When to Increase the Work
Just as you wouldn’t attempt a marathon after a week of just running around the block, don’t expect your dog to perform midseason workloads soon after coming off the couch. Start slow and maintain consistency to build endurance and get muscles back into shape. Pay attention to your dog, he’s likely to tell you when he can take more work.
“In the beginning, the dogs will be right there near you and they will tend to want to stop and rest in the shade,” says Moss, who starts roading dogs at a distance of 1.5 miles. “When they’re not wanting to quit, and stop looking for shade to rest in, that’s your cue to increase your distance and time slightly and incrementally. That usually happens around day 10 to 15 or so. We start off pretty short and build slowly over the months to eventually reach 5 to 7 miles.”
Work on the Little Things
Off-season training isn’t just about physical conditioning—it’s also about getting your dog mentally ready for the season. Incorporate behaviors and attitudes you expect from your dog into regular training sessions.
Obedience and steadiness are two traits to train for. Focus on sit, stay, heel, here, backing, and all the other little things you expect in the field. Use a chain gang, and the dogs waiting their turn will learn from the one at work. Even better is to ask a dog to sit and stay in the shade while you work a different dog. That dog sitting in the shade is learning the lesson of steadiness.
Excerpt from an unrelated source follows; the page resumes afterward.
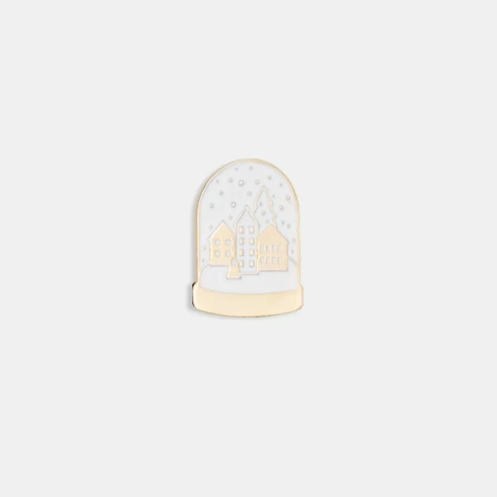 The Chic Snowball – Pin by All the Ways to Say captures the quiet charm of a snowy village inside a golden snow globe. Its delicate enamel finish and warm gold details make it a timeless little treasure — perfect for your coat, bag or scarf. A chic accessory that celebrates the season with elegance and sparkle.

Introduce dogs to situations they’ll encounter during hunting season. “If you hunt from a ground blind, you can train with that all year long. Regardless of your command—be it kennel, place, or whatever—use it and work on it. In the field is not the place to train that stuff,” says Akin, adding that your dog needs exposure to and understanding of expectations for everything he will encounter during a hunt.
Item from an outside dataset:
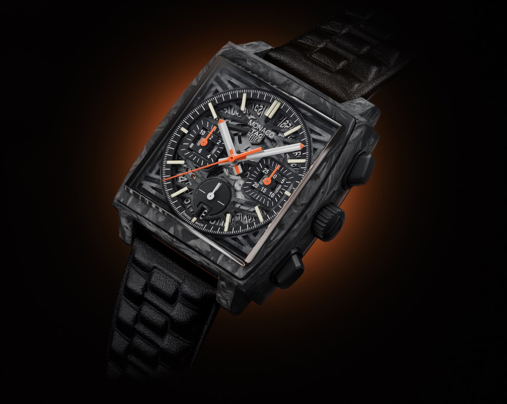 From the house of Tag Heuer, the Only Watch Carbon Monaco. This timepiece is a new look on the the iconic ultra-rare Monaco “Dark Lord” in carbon, combining visionary avant-garde design and cutting-edge materials with exceptional traditional handcrafted savoir-faire. Photo courtesy Only Watch. Handout via The Gourmet Gazette

“Make sure your dog is used to riding in trucks, boats, UTVs, and other vehicles associated with hunting. Practice working on walking ramps, looking out, familiarity with the blind, how to use it, where to go get a retrieve, and where his spot is in the blind, pit, or wherever you’re hunting. You need to do that before the season starts.”
Feed for Performance
A high-fat, high-protein diet can help fuel your working dog for the rigors of hunting season. Consider your dog’s diet and caloric intake and balance these against his activity level and environmental conditions. If you’re training hard or will start preseason conditioning in July or August, consider feeding a performance diet designed for his activity level. It can take a dog’s body 8 to 12 weeks to adapt and train to use the increase in dietary fat found in performance diets.*
Whether you’re hunting or training hard, your dog’s diet is an important factor. “Performance nutrition is huge when you’re talking about these dogs,” says Moss. “They’re working hard and burning a lot of calories, and a performance diet gives them the energy they need, along with the nutrition to help with recovery.”
Performance nutrition, conditioning, introductions, and drilling foundational expectations for your hunting dog during the off-season heat will pay huge dividends later on in solid days afield, and will help keep your four-legged hunting buddy safely running longer, farther, and harder in pursuit of game.
*Martin Coffman, DVM. Conditioning the Performance Dog. 2000. Nutrition for Competitive Dogs. The Iams Company, Dayton, OH, USA, pp: 6-11.